Mixed results for House Price Indexes in November …. but keep an eye on the Big Picture

The headline house price indexes were down in November, but across the regions results were mixed. The FHFA house price index was down 0.42% on a not seasonally adjusted basis (NSA) in November (but up slightly–0.02%–on a seasonally adjusted basis), while the Standard & Poor’s Case-Shiller House Price Indexes (HPIs) were down 1.0% to 143.9 for the Composite 20 (CS20) index and 0.8% to 157.7 for the Composite 10 (CS10) index on a not seasonally adjusted basis (NSA). (As noted in the past, when observing the Case-Shiller HPI attention should be focused on the NSA numbers, and although not explicitly stated by FHFA, similar caution should be used when observing the FHFA indexes).

The slight decline in the FHFA HPI (NSA) in November was the result of continued weakness in the Mountain division (which is dominated by the problem states of Arizona and Nevada), with a 3.7% decline. This offset gains of 0.75% in the East South Central division (Tennessee and Alabama), 0.65% in the West South Central division (dominated by Texas) and 0.63% in the Pacific division (dominated by California).

For the Case-Shiller indexes, prices were down in 19 of the 20 cities in November. The largest declines were observed in Detroit (-2.7%), Atlanta (-2.5), Chicago (-2.2%), Minneapolis (-2.1%) and Cleveland (-2.0%). The only gain was observed in San Diego (0.1%).

As we advised last month, with the Case-Shiller indexes it was important to look at the big picture, not just the month to month variation. The recent declines in the HPIs of the 20 metropolitan areas should not be over interpreted.
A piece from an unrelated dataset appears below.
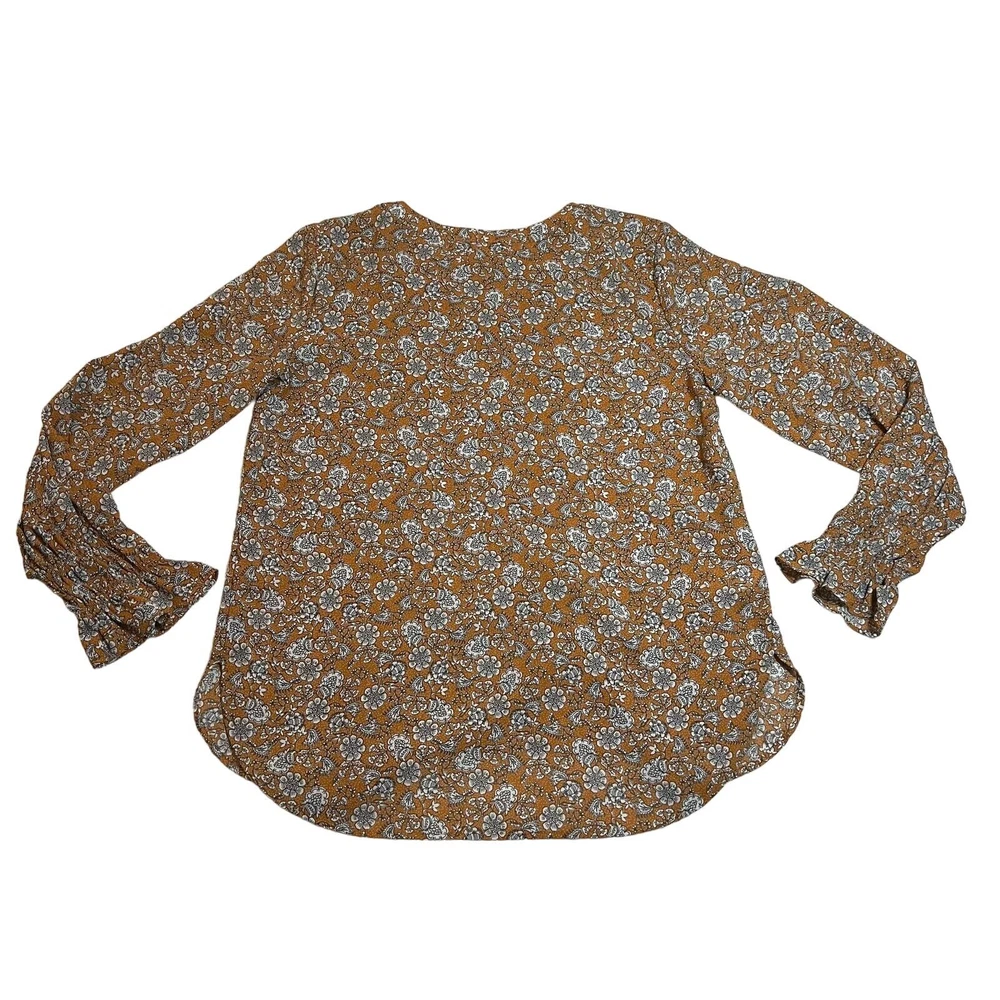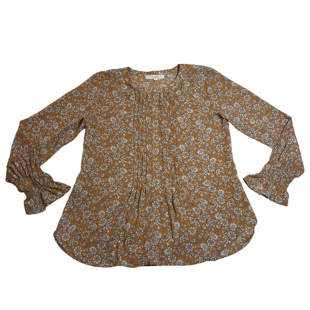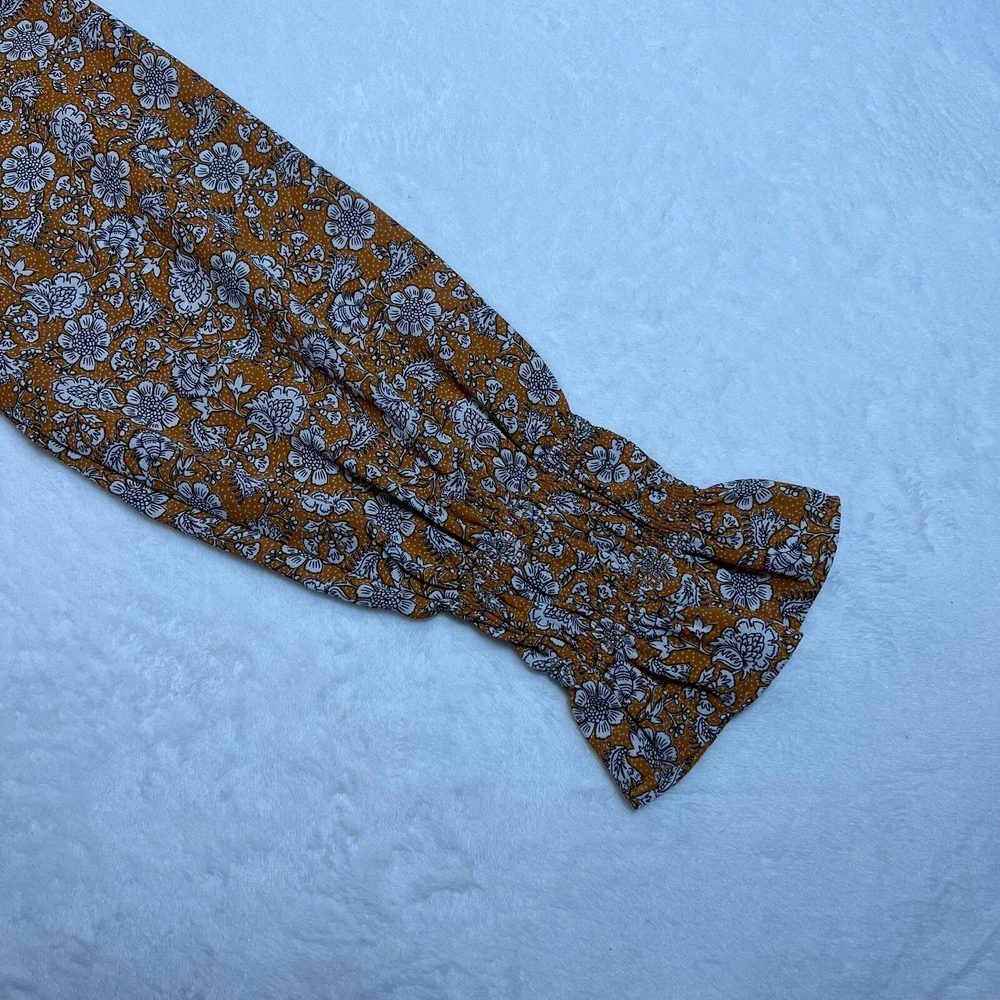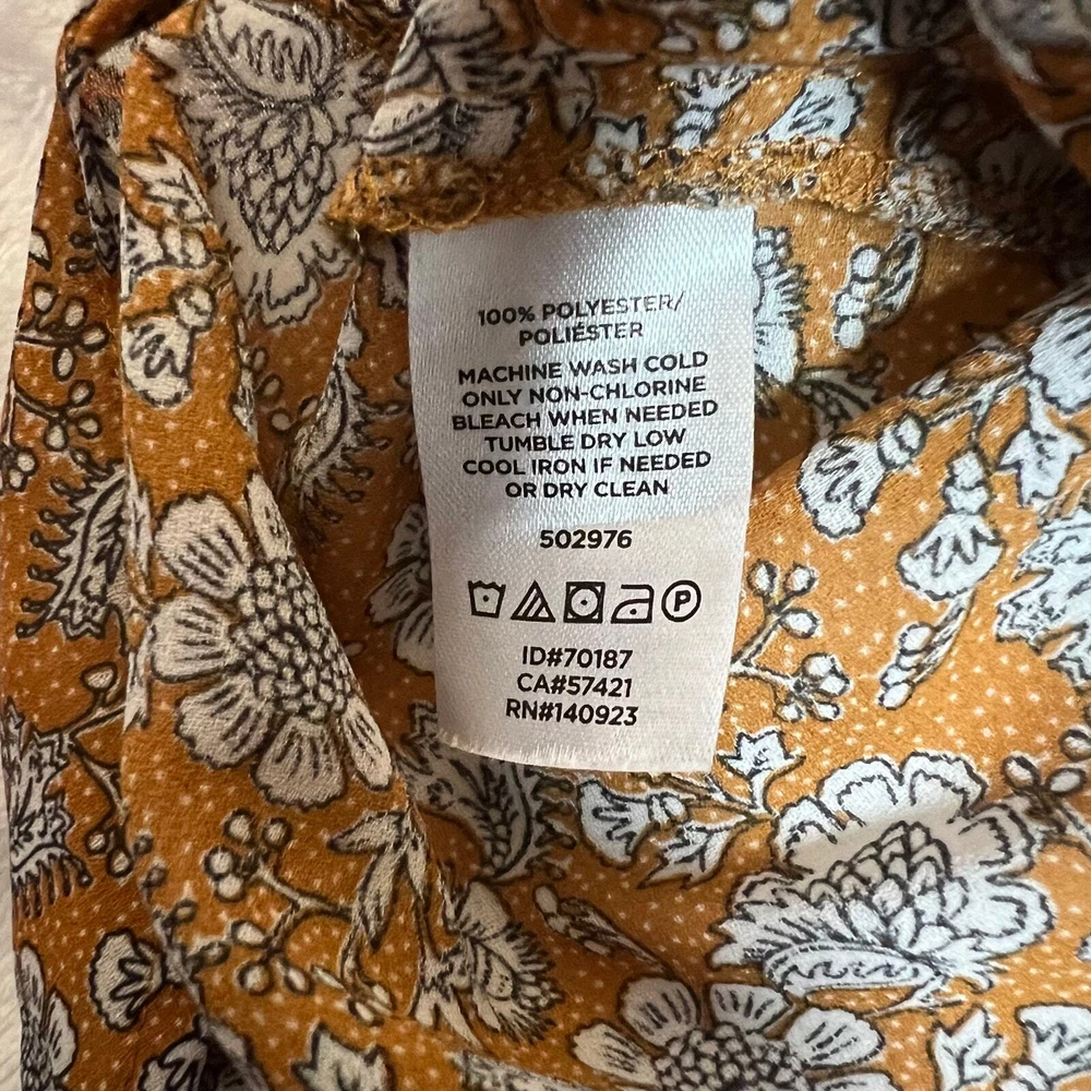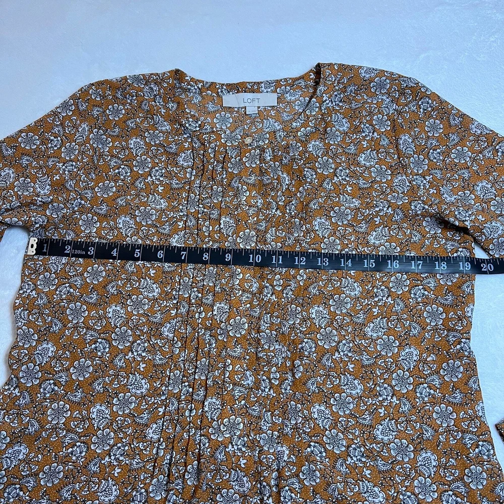 LOFT Crewneck Floral Print Pleated Front Blouse Size Small Lightweight Office CONDITION: Pre-Owned. Excellent Used Condition. FLAWS/ALTERATIONS: There is a tiny snag on the sleeve. Please see the last picture. COLOR: Orange/White/Black SIZE: Women’s Size Small DETAILS: Crewneck Long sleeve Elastic cuffs Floral print Pleated front 3/4 button down Lightweight MEASUREMENTS: Chest: 19.5" Full Length: 26" **All measurements are approximate and are taken flat** MATERIAL: 100% Polyester Bundle 2 OR MORE items to save more! Reasonable offers are welcomed! TAGS: Casual Comfy All Season Floral Contemporary Maximalist Career Office Professional Boho Bohemian Hipster

House prices in all regions have experienced a high level of volatility as a result of the particular dynamics of the home buyer tax credits (HBTCs). Over the past 20 months there have been two minor peaks in the HPIs of all metropolitan areas (around October 2009 and July 2010), associated with the conclusion of the various rounds of the HBTC. Allowing for this volatility, the overall trend has been either a moderate (9% to 12%) increase (Los Angles, San Francisco, San Diego, Minneapolis and Washington DC), generally (-2% to +2%) flat (Chicago, Dallas, Miami, New York, Phoenix and Seattle), or slightly (-5% to -3%) down (Atlanta, Charlotte, Las Vegas, Portland OR and Tampa).
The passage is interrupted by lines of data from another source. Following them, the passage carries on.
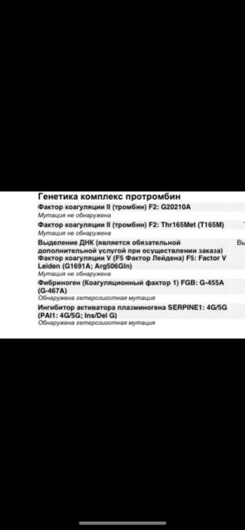Я сдавала в гемотесте анализ «генетика комплекс протромбин» (из пяти самых основных): f2 g20210a, f2 thr165met, F5 leiden, fgb g-455a, 4g/5g pai-1, гематолог их назначила, сказала, этого достаточно.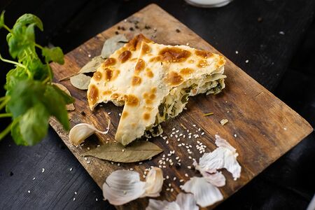 undefined Состав: Слоеное тесто, репчатый лук, кинза, петрушка, укроп, зеленый лук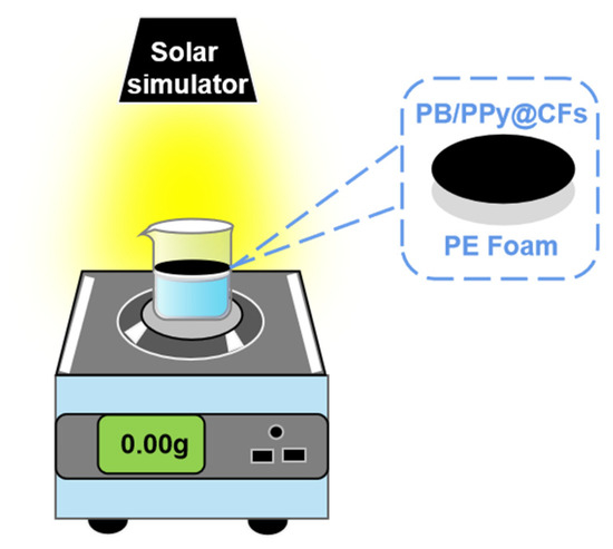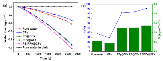 Figure 12a shows the water mass loss of pure water evaporation system in dark and pure water evaporation system at 1 kW·m−2, CFs-foam, PB@CFs-foam, PPy@CFs-foam, and PB/PPy@CFs-foam water evaporation systems at 1 kW·m−2. Among them, the water mass loss of pure water evaporation system in dark reflects the natural evaporation of water. This value needs to be subtracted when calculating the water mass loss of different water evaporation systems irradiated with light. After continuous irradiation at an optical concentration of 1 kW·m−2 for 45 min, the water mass loss of PB/PPy@CFs-foam water evaporation system caused by evaporation was much higher than that of pure water evaporation system, which was because the water below PB/PPy@CFs was transferred to the surface of PB/PPy@CFs through capillary action to form a local thermal region, which accelerated the evaporation of water. According to Figure 12a, the water evaporation rates were calculated. After continuous irradiation at 1 kW·m−2 for 45 min, the water evaporation rates of pure water, CFs, PB@CFs, PPy@CFs, and PB/PPy@CFs systems were 0.56, 0.44, 1.23, 1.25, and 1.36 kg·m−2·h−1, respectively, and the corresponding photothermal conversion efficiencies were 37.50%, 28.98%, 81.69%, 83.38%, and 90.96%, respectively, as shown in Figure 12b. The water evaporation rate of PB/PPy@CFs was the largest, and the light heat conversion efficiency was the highest, which could realize efficient interface water evaporation.

Today’s house price numbers support our view that the overall house prices trend will be slightly positive, despite a high level of volatility, with no further significant declines. The modest movement in the FHFA HPI in October and November signals strength based on market fundamentals in a post-tax credit environment. Recent strong growth in existing home sales, which were up 12.3% in December and 37.5% since the low in July, is likely to support further improvement in house prices over the next few months.